Twelve-Step and Mutual-Help Programs for Addictive Disorders

This important statement was made after an extensive review of outcomes research on addiction treatment. It reflects the conclusions of recent scientific reviews that alcohol and other drug addictions are chronic, relapsing diseases of the brain.

The Minnesota Model, which throughout the 1980s featured 28 days of intensive inpatient and residential treatment, has more recently evolved to a longer continuum of care and greater reliance on outpatient treatment. Brief detoxification establishes abstinence, and patients move to successively less intensive levels of care from inpatient, to partial, to intensive outpatient, to less frequent outpatient visits.
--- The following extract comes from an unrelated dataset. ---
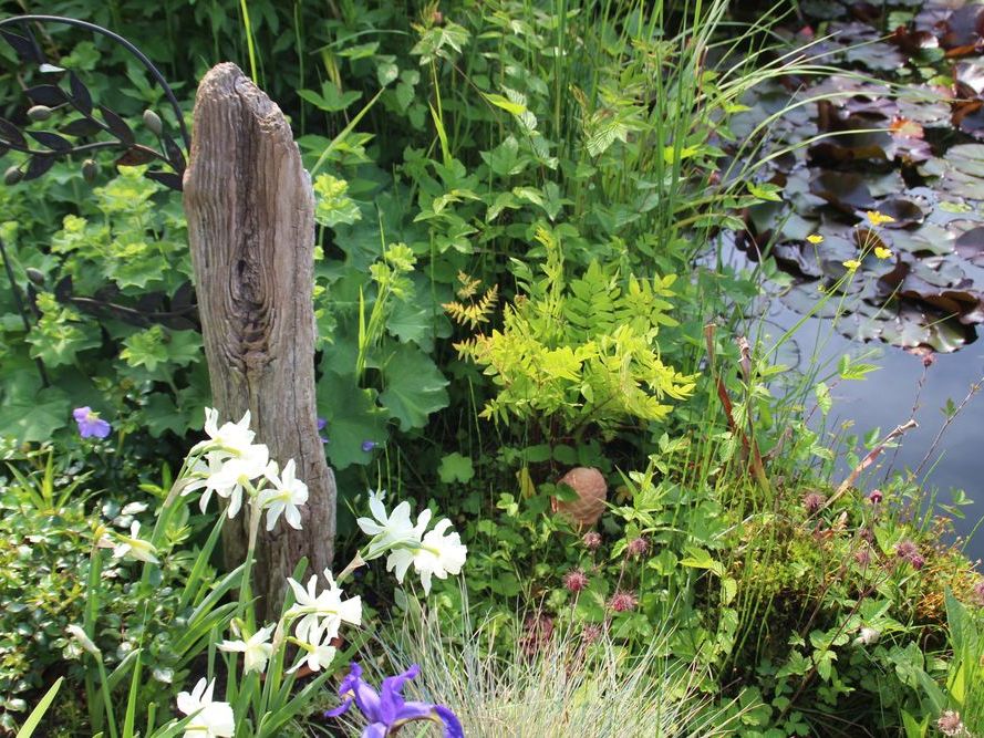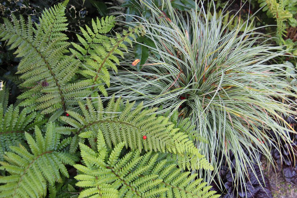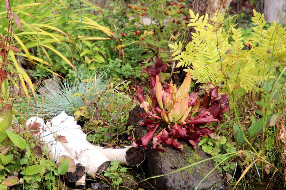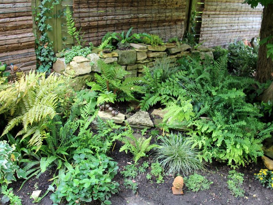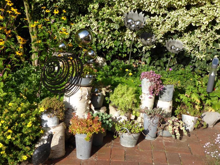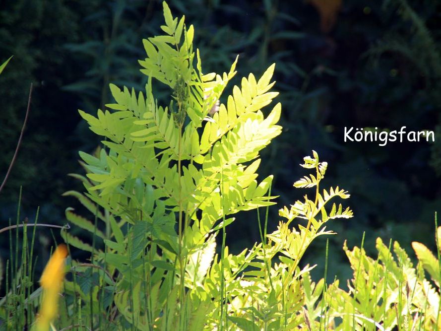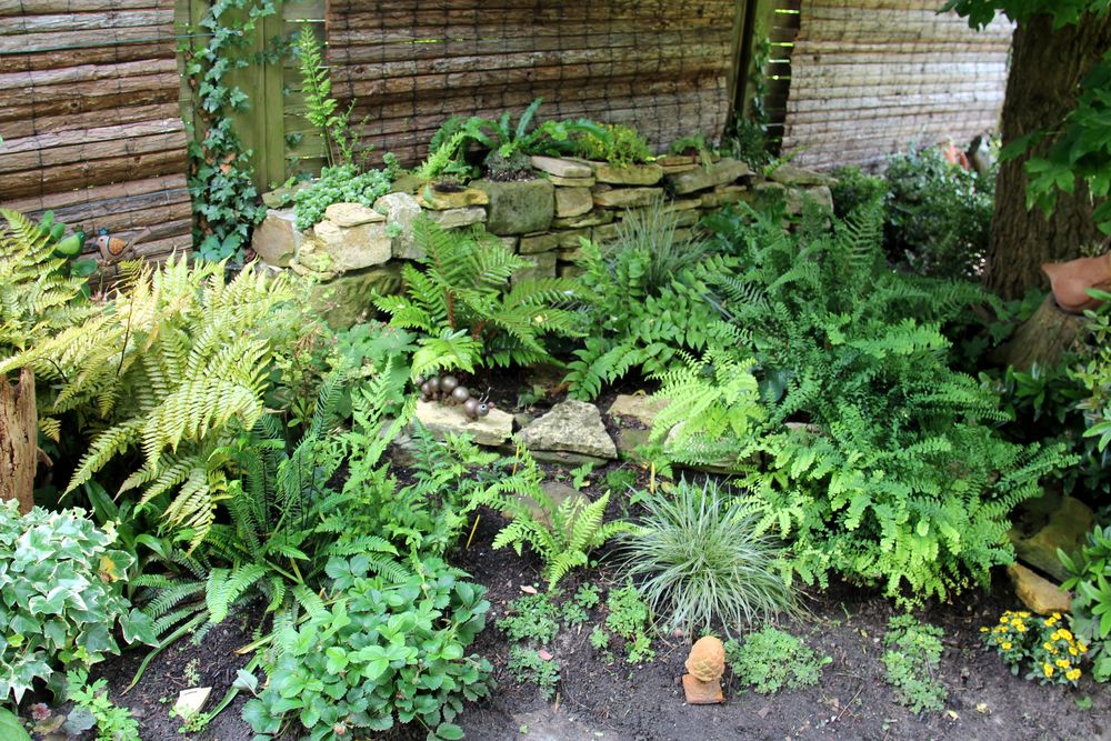 In unserem naturnah angelegten Garten (500 m²) können Sie über 50 Farne kennenlernen, die meisten sind auch im Winter grün (diverse Farninfos gratis). Im Seerosenteich leben grüne Teichfrösche, auf der Terrasse haben sich niedrige Fetthennensorten in hübschen Gefäßen versammelt.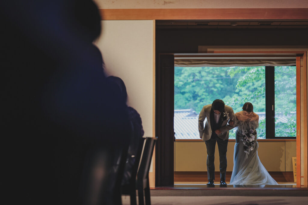 | Season: 初夏 / 5月 | Style: 神前式 | Venue: 山形県出羽三山神社 山形県あつみ温泉たちばなや |

The model of chronic illness, which O’Brien and McLellan used in comparing addictive disorders to diabetes mellitus, bronchial asthma, and hypertension, prepares physicians for longer periods of care and a broader range of services, emphasizing relapse prevention and rapid-relapse response. Twelve-step and mutual-help programs are major allies for psychiatrists who are treating patients with addictive disorders.

The older view of addiction defined the central clinical problem as physical dependence. Therefore, the primary focus of treatment was to detoxify addicted patients. The newer view of addiction, based on a growing understanding of brain biology, defines the central problem of addiction as reward, not withdrawal, and focuses treatment on lifetime abstinence. This paradigm shift in the understanding of addiction puts 12-step programs into clearer focus. They are not treatment, and they do not compete with any form of addiction treatment. Rather, 12-step programs are spiritually based fellowships supporting not only the achievement and maintenance of abstinence from alcohol and other drug use but also lifelong character development.

Regardless of the short-term addiction treatment used, addicted patients, sooner or later, have to confront the real threat of relapse without professional treatment. To prevent relapse to addiction, every physician must be familiar with 12-step programs and able to help addicted patients find and use these unique programs to promote recovery.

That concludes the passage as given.